Tuesday, June 21, 2011

The Analysis of Bad Legislation

Congress is doing so much damage each week we need them to go on a permanent recess. This past week was no exception when they passed or on the verge of passing both the Disclosure Act and the Financial Reform Act.

The Disclosure Act is the Democrats way of trying to reduce the impact of the Supreme Court’s ‘Citizens United’ decision earlier this year. In Citizens United, the Supreme Court lifted many restrictions placed on businesses and organizations campaign contributions. The Supreme Court ruled, based on the first amendment and freedom of speech, all organizations and businesses can contribute as much as they wish to campaigns. Obviously, this decision angered Obama, who publically chastised the Supreme Court during his State of the Union Address. On the surface, the Disclosure Act sounds like good legislation. It requires all businesses and organizations to be transparent by disclosing their campaign contributions. This sounds harmless, but like many congressional bills there are many rules, restrictions, mandates, exceptions, and regulations included in the legislation.

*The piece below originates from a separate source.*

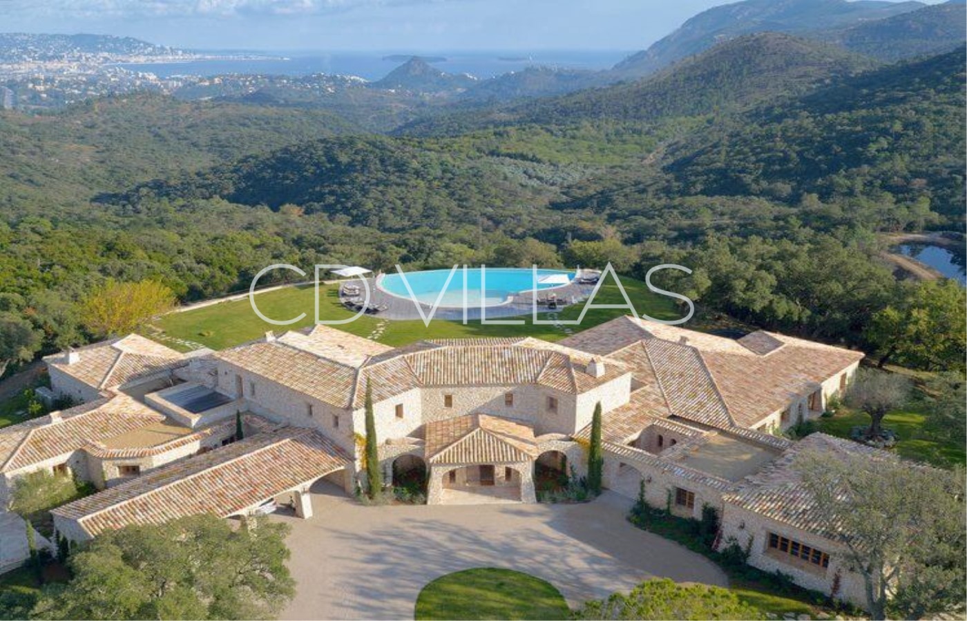 Once passed the secured gate, you enter a 30 hectares private domain where The King's view sits at the top of the hill with stunning views over the Bay of Cannes.

The problem with the Disclosure Act, as with many federal government laws, it is not applied consistently amongst businesses and organizations. Unions, for instance, are exempt from disclosing how they spend employee’s dues on campaign contributions. On the other hand, many businesses, especially those that received Toxic Asset Relieve Plan (TARP) bailout monies are restricted in how much campaign contributions they can contribute. Once again, on the surface this seems fair since they received taxpayer money, but once again this exception is misleading. Consider the example of General Motors (GM) and the United Auto Workers (UAW). GM received TARP funds and is therefore, restricted in their first amendment rights to contribute to campaigns. Meanwhile, the UAW is not only free to contribute as much money as they want to campaigns, they do not have to disclose the information giving them a very broad interpretation of their first amendment rights. However, a large majority of the TARP funding that GM received went directly to the UAW so they can continue to pay retirement and other benefits. Remember, the UAW made no concessions and is one of the main reasons why GM went bankrupt and was forced to receive a TARP bailout. Is this fair? No! But this is a fair interpretation of the first amendment in the eyes of progressives. After all, corporations usually support conservative candidates while unions support liberal candidates. This will give liberals an unfair advantage in future local, state, and federal elections.

Proponents of the Disclosure Act quickly point out that it will provide greater transparency and oversight to the campaign contribution process. This may be true, but once again the way the bill is written it will create the opposite effect. For instance, one provision states any company that has more than 7 million dollars in government contracts will have their contributions limited. In essence, this provision will promote less transparency. Think about it; it will force those restricted companies to spend their money on lobbying instead of on campaign finance. And lobbying is far less transparent than campaign contributions. Thus, the act will not only unfairly restrict certain businesses their first amendment rights, it will actually be less transparent on how they spend their money to influence elections.

Most agree that a financial reform bill is and was necessary. However, the 2000 page monstrosity passed by congress fails to accomplish its main purpose: It will fail at preventing a future financial collapse. Therefore, the legislation is a complete waste of time, money, and resources. The financial reform legislation fails on many levels. First of all, most of the financial giants are happy with the legislation. This should not surprise anyone because they spent millions lobbying to get the legislation written in their favor. Yes, the legislation protects the financial giants because they are too big to fail, meanwhile, small banks are not protected. The legislation also falls short of properly reforming those dangerous derivative investments that were the backbone of the financial market collapse. The taxes levied on the banks in this legislation will be passed on to the consumer in the form of fees and other hidden charges. Chris Dodd, who heads the Senate Banking Committee and is the chief architect of the legislation, said something to effect “he is not sure how the bill will work, but it will affect every aspect of our lives”. Now that is a scary admission! And let’s not forget this bill does nothing to reform any federal government financial agencies that failed to prevent the financial collapse or aided in its collapse. Fannie Mae, Freddie Mac, the Federal Reserve, the Treasury Department, and the Securities Exchange Commission are free to continue their wasteful, bureaucratic, and incompetent ways.

With millions of barrels of oil spilling into the Gulf one would think our federal government would have more pressing issues to work on. And with Obama and Rahm Emanual’s name being mentioned in every tape recording in the Blagojevich trial one can only suspect they want to keep the American public’s focus off those proceedings. One way to accomplish this is by passing legislation that may seem as if it will aid the American people. However, Congress is actually passing porous legislation that will fail to accomplish its objectives. This is nothing new to the Obama administration that passed a 1 trillion dollar stimulus that has failed to create jobs; and healthcare reform legislation that will fail to curtail the rising costs of healthcare.